Describe the tissue culture technique and what are the advantages of tissue culture over conventional method of plant breeding in crop improvement programmes.
Answer:
Tissue culture Technique: It involves
a) Preparation of Nutrient Medium: The nutrient medium is a mixture of various essential nutrients, amino acids, vitamins and carbohydrates. These are mixed in distilled water and pH is adjusted to 5.6 to 6.0. Growth regulators like auxins, and cytokinins are added to the medium. The nutrient medium is poured in glass vessels and closed tightly with cotton plugs before sterilizing them in an autoclave.

b) sterilization: The nutrient medium is rich in nutrients and therefore attracts the growth of microorganisms. The culture medium is autoclaved for 15 mins, at 120°c or 15 pounds of pressure to make aseptic.

c) Preparation of explant: Any living part of plant can be used as explant. The explants must be cleaned with liquid detergent and in running water and surface sterilised with sodium hypochlorite and rinsed with distilled water.

d) Inoculation of explants: The transfer of explants onto the sterilized nutrient medium is called inoculation. It is carried
out under sterilized conditions.

e) Incubation: The culture vessels with inoculated explants are incubated in a culture room under controlled temperature, optimum light and humidity. The cultures are incubated for 3 – 4 weeks, the cells of the explant divide and redivide, producing a mass of tissue called callus. The callus is transferred to another medium containing growth regulators to initiate the formation of roots and leafy shoot (organogenesis). Sometimes embryo-like structures develop directly from the callus which are referred as somatic embryos. These can be encapsulated with sodium alginate to form synthetic or artificial seeds.

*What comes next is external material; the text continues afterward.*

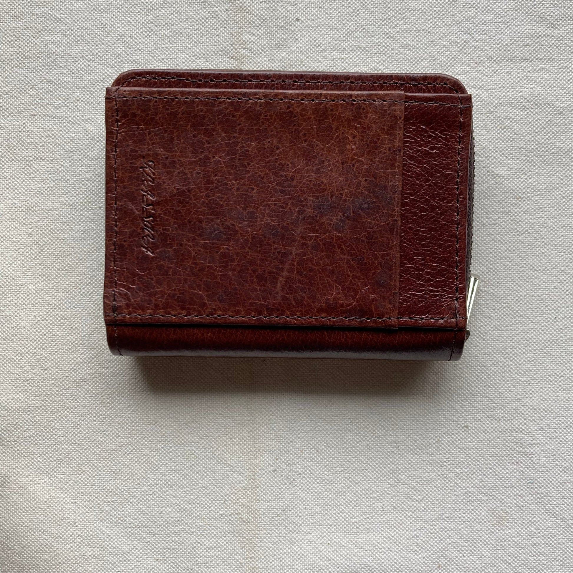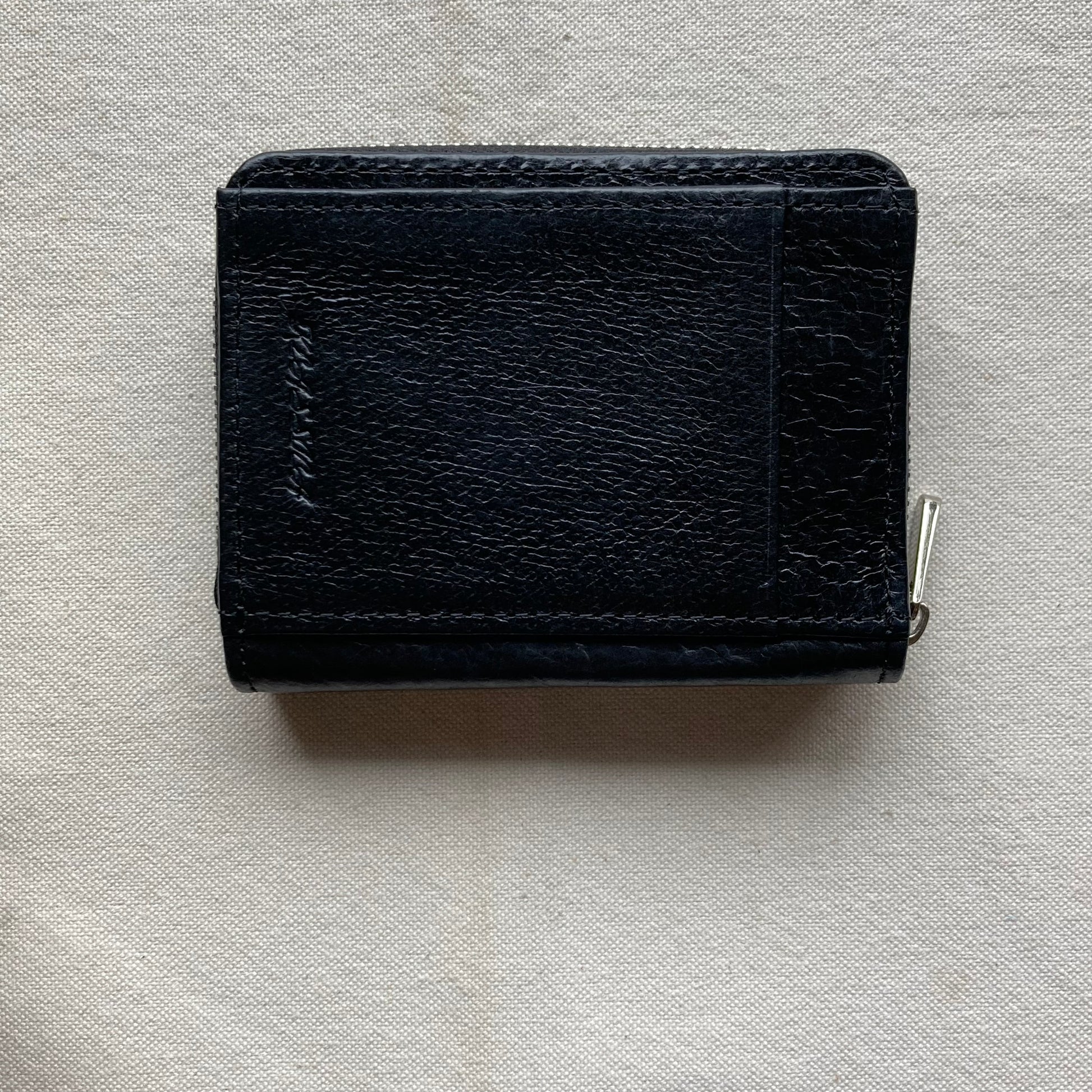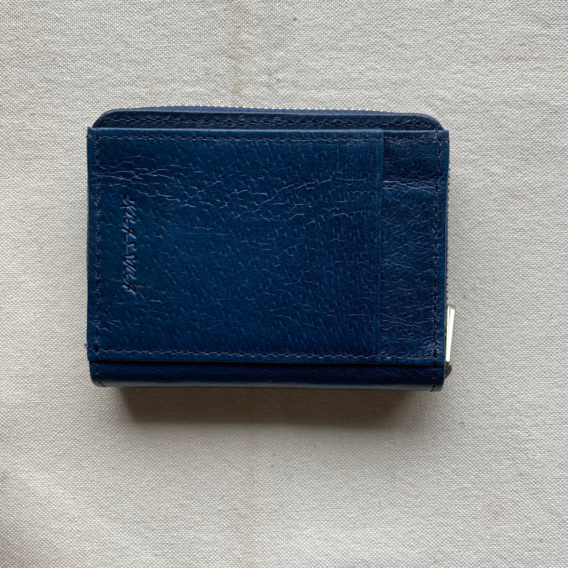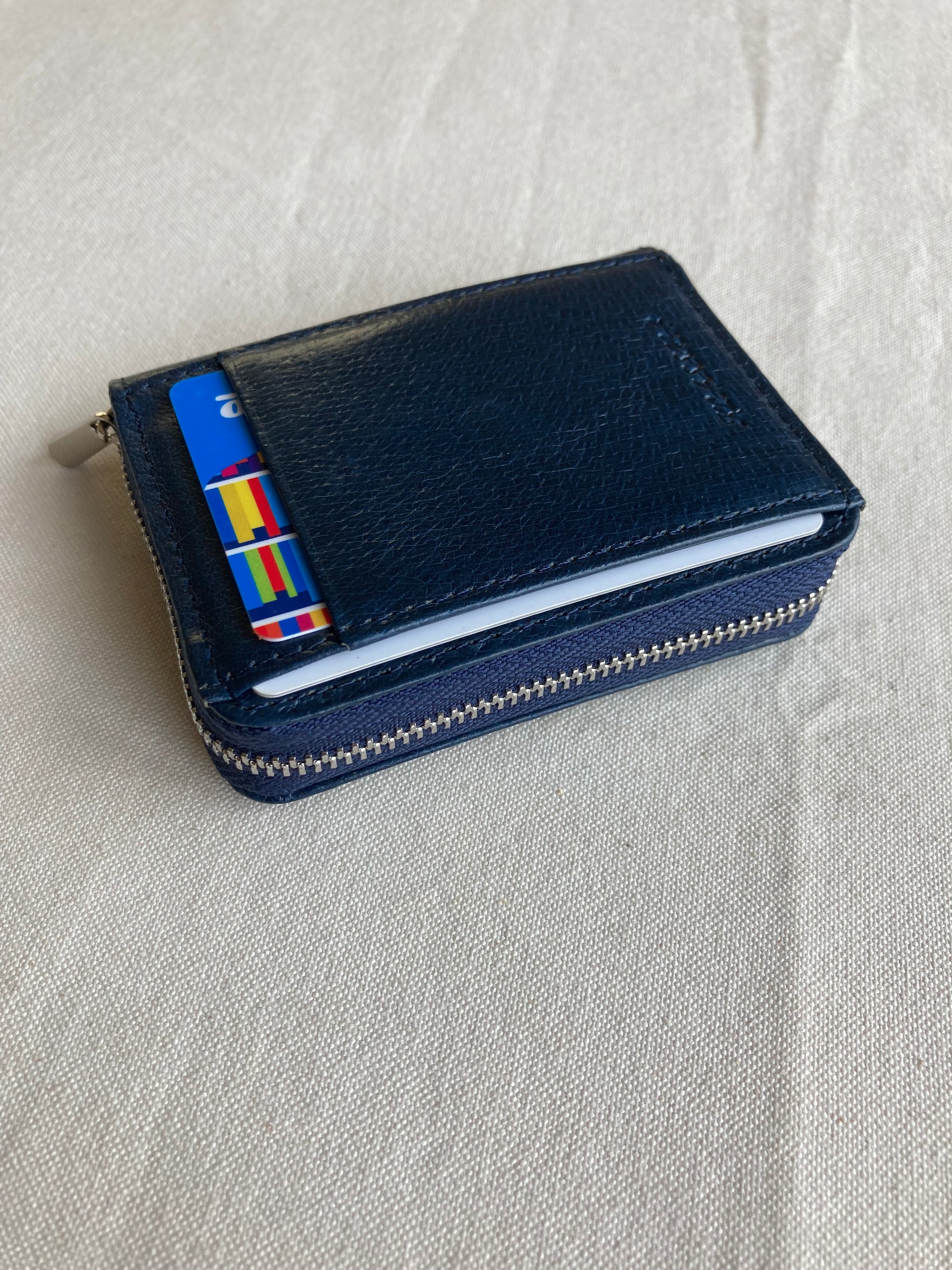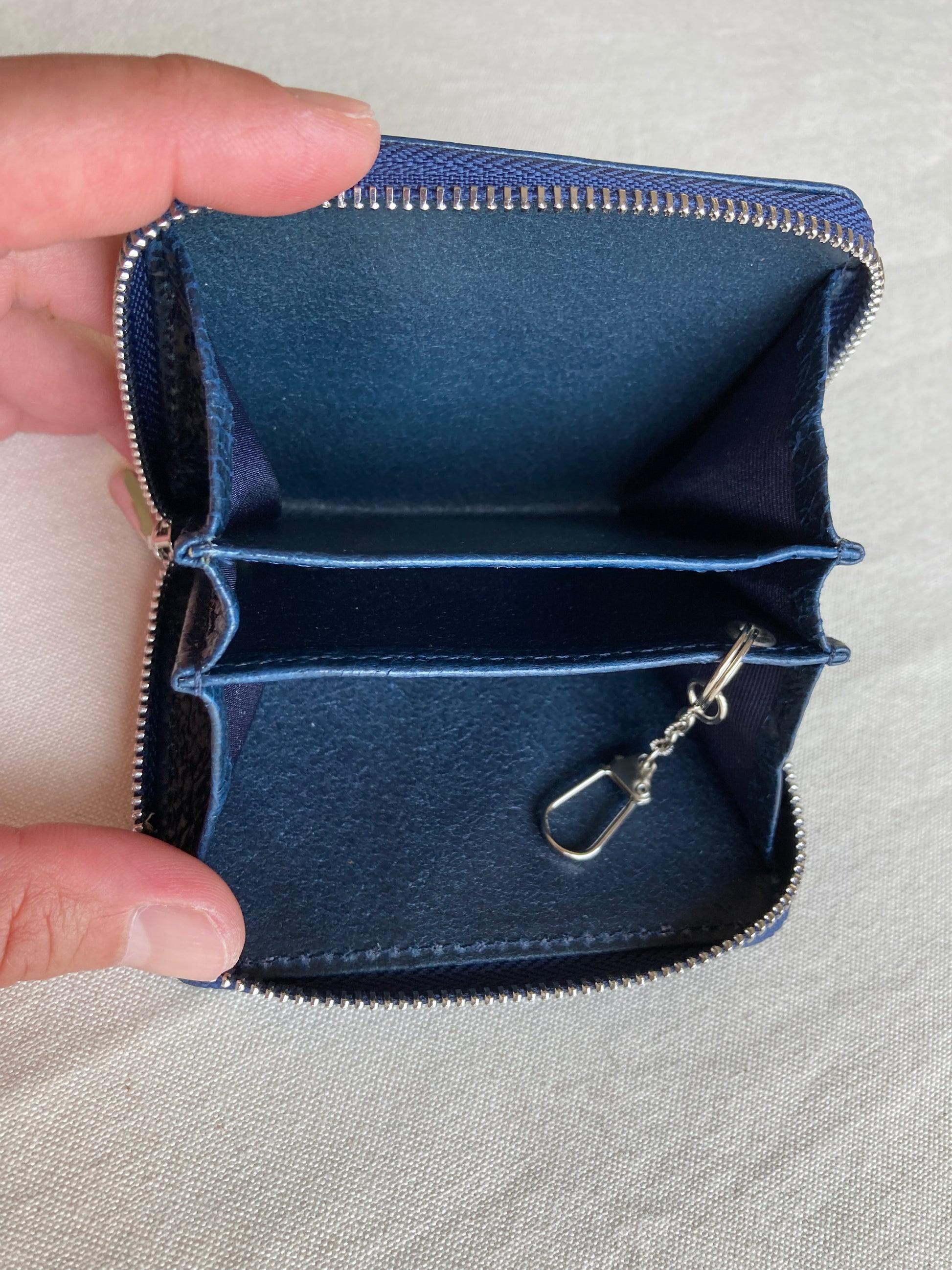 ラウンド3方ファスナータイプのコインケース。表側にセル窓のカードポケットともう一方側には2ッのカードポケット。内側は3ッのスペースに仕切られ、キーチェーンが1ッ付いています。小銭・折った紙幣とカードを分けて収納し、見やすさ取り出し易さが特徴です。

f) Acclimatization and transfer to pots: The plants produced through tissue culture are washed gently and are planted in pots kept in glass house for 1 -2 weeks. Finally, they are transferred to field.

Advantages:

1. The production of exact copies of plants that produce particularly good flowers, fruits or have other desirable traits.
2. To quickly produce mature plants.
3. The production of multiples of plants in the absence of seeds or necessary pollinators to produce seeds.
4. The regeneration of whole plants from plant cells that have been genetically modified.
5. The production of plants from seeds that otherwise have very low chances of germinating and growing i.e., orchids and nepenthes.
6. To clean particular plants of viral and other infections and to quickly multiply these plants as cleaned stock for Horticulture and Agriculture.